Einer davon ist der Schlüssel zur Funktionsweise von ChatGPT und den meisten im Web verfügbaren KI-Agenten: LLMs. In diesem Artikel werden wir im Detail untersuchen, wie dieses Konzept die künstliche Intelligenz und unsere Welt revolutioniert hat.
Was sind Large Language Models (LLMs)?
Large Language Models (LLMs, Large Language Models, auf Portugiesisch) sind Algorithmen für Tiefes Lernen (Deep Learning, auf Portugiesisch) in der Lage, eine Reihe von Aufgaben auszuführen Verarbeitung natürlicher Sprache (Verarbeitung natürlicher Sprache, auf Portugiesisch). Puh, so viele Akronyme, oder?
LLMs verwenden Transformer-Modelle und werden anhand riesiger Datensätze trainiert. Einige Beispiele für beliebte Datensätze sind: LAION-2B-de, CCAW-Erweiterung e WikiText-103. Ein Transformer-Modell mag wie ein Roboter erscheinen, der sich in ein Auto verwandelt, im Bereich der KI ist es jedoch die gängigste Architektur für ein LLM.

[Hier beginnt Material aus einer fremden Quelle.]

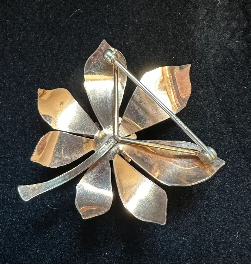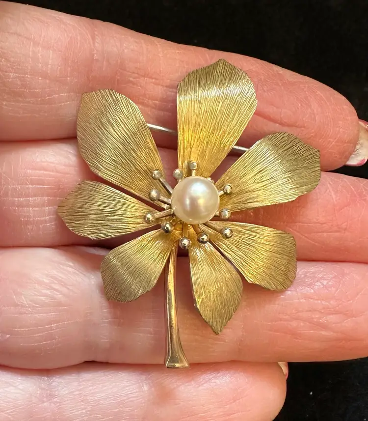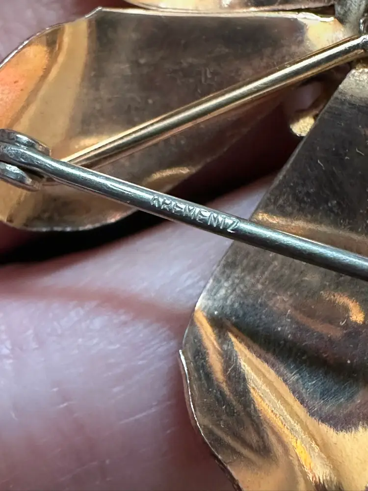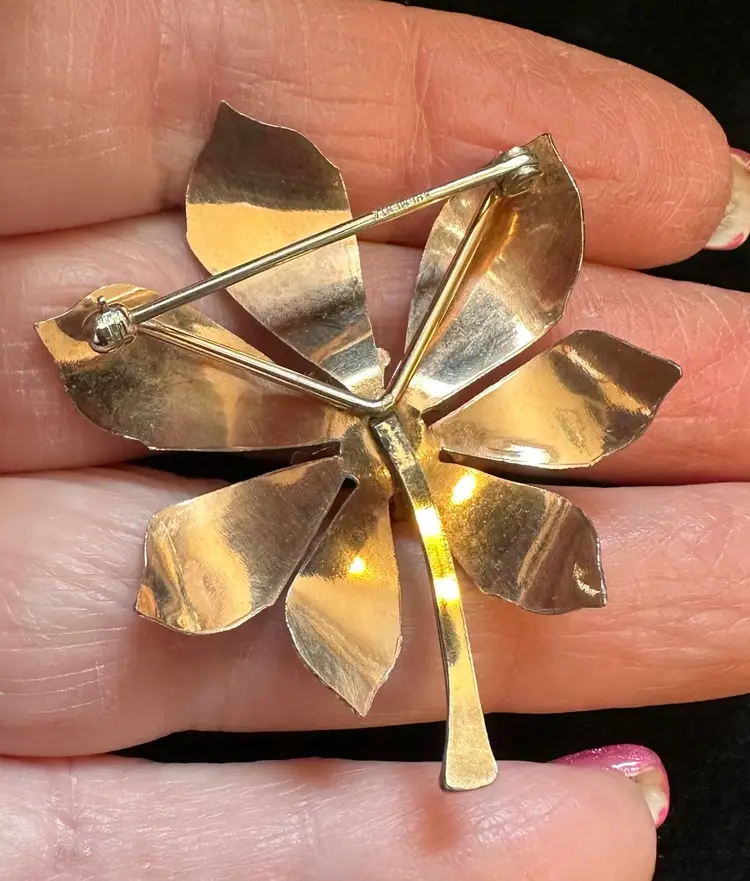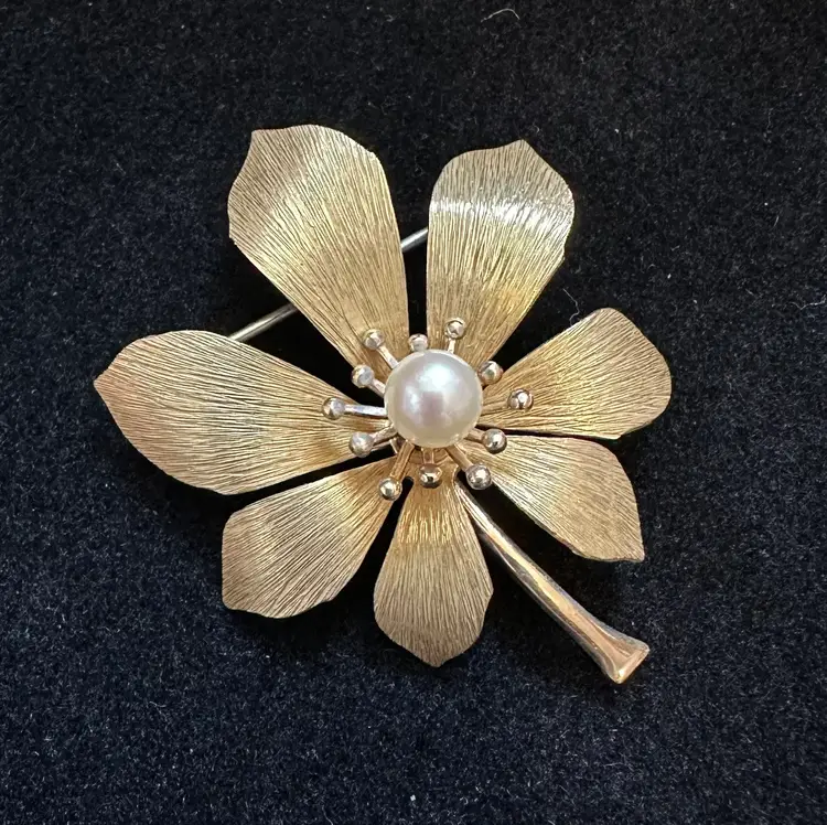 Lovely classic mid century modern brooch by Krementz. It has a floral design with a cultured pearl accent. The finish is a yellow gold overlay. It measures 1 7/8 at widest point. Condition is very good.

Der Transformator besteht aus einem Encoder (Encoder, auf Portugiesisch) und ein Decoder (Decoder, auf Portugiesisch). Grundsätzlich ist der Encoder dafür verantwortlich, die Wörter eines Satzes oder Textes in kleine Teile, sogenannte Token, zu zerlegen, und der Decoder führt mathematische Operationen durch, um Beziehungen zwischen diesen Token zu identifizieren.
Der große Unterschied zwischen Transformatoren und der vor Jahren verwendeten Architektur, LSTM (Langes Kurzzeitgedächtnis, oder Long Short Term Memory), besteht darin, dass Transformatoren mit Selbstaufmerksamkeitsmechanismen arbeiten, d. h., sie sind in der Lage, schneller zu lernen, wenn sie Teile eines Satzes oder sogar seinen Kontext berücksichtigen, um Vorhersagen zu generieren.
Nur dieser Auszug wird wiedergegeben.